(Items from a data source)
++++
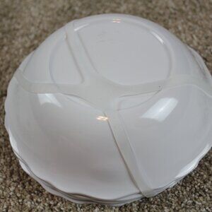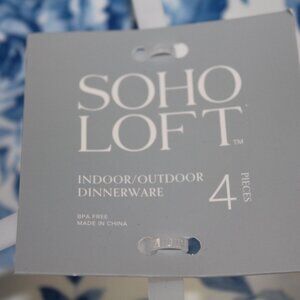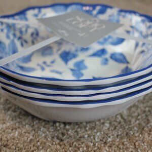 Pretty 4-piece set of Blue Rose melamine cereal bowls by the brand Soho Loft. They are brand new in packaging. Dishwasher safe on top rack only. They are not micowave safe. Measure 7.25" across at widest point and just under 2" tall. So beautiful! Rare and hard to find!
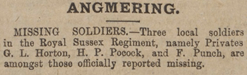When the Worthing Gazette was published on Wednesday August 16th 1916 right at the bottom of page 7 was a four line notice under the heading Angmering – Missing Soldiers. Three names are given Privates G L Horton, H P Pocock and F Punch.
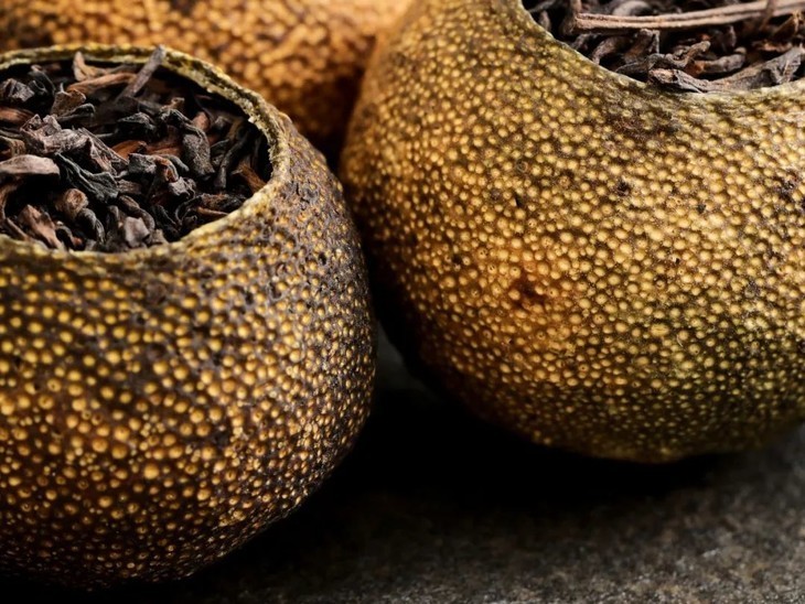 倘若是捏碎后再冲泡,发酵后的普洱茶滋味则会更快散发出来,温厚醇和的茶性恰好中和了柑皮的活泼感,风味更加独特。
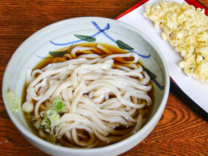 150㍍ほど離れた「三度力丸店」は弟の雅之さんが切り盛りする店。ぶっかけが主力で、冷たいメニューだけでも12種類。冷やしトンカツや冷やし肉天など遊び心のある一皿も並ぶ。
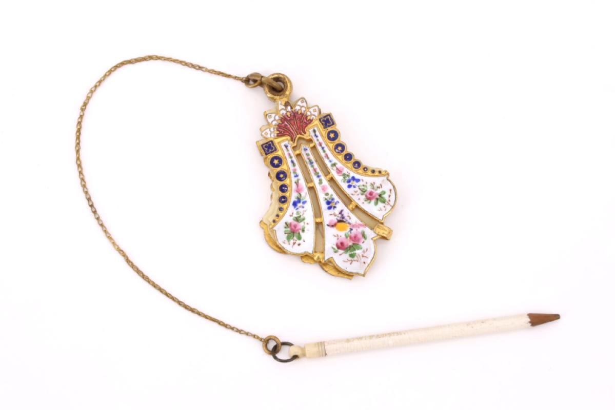 Carnet de bal en métal doré en forme de fleur de Lys à décor émaillé de fleurs et d'étoiles, support en os, chainette reliée à un crayon à papier marqué A. W. FABER
++++
About this exercise
A word-for-word copy is needed of the lines from the line with "150㍍ほど離れた「三度力丸" through the last line of the entries above, with both ends kept and the pictures dropped.

Response to this exercise
 150㍍ほど離れた「三度力丸店」は弟の雅之さんが切り盛りする店。ぶっかけが主力で、冷たいメニューだけでも12種類。冷やしトンカツや冷やし肉天など遊び心のある一皿も並ぶ。
 Carnet de bal en métal doré en forme de fleur de Lys à décor émaillé de fleurs et d'étoiles, support en os, chainette reliée à un crayon à papier marqué A. W. FABER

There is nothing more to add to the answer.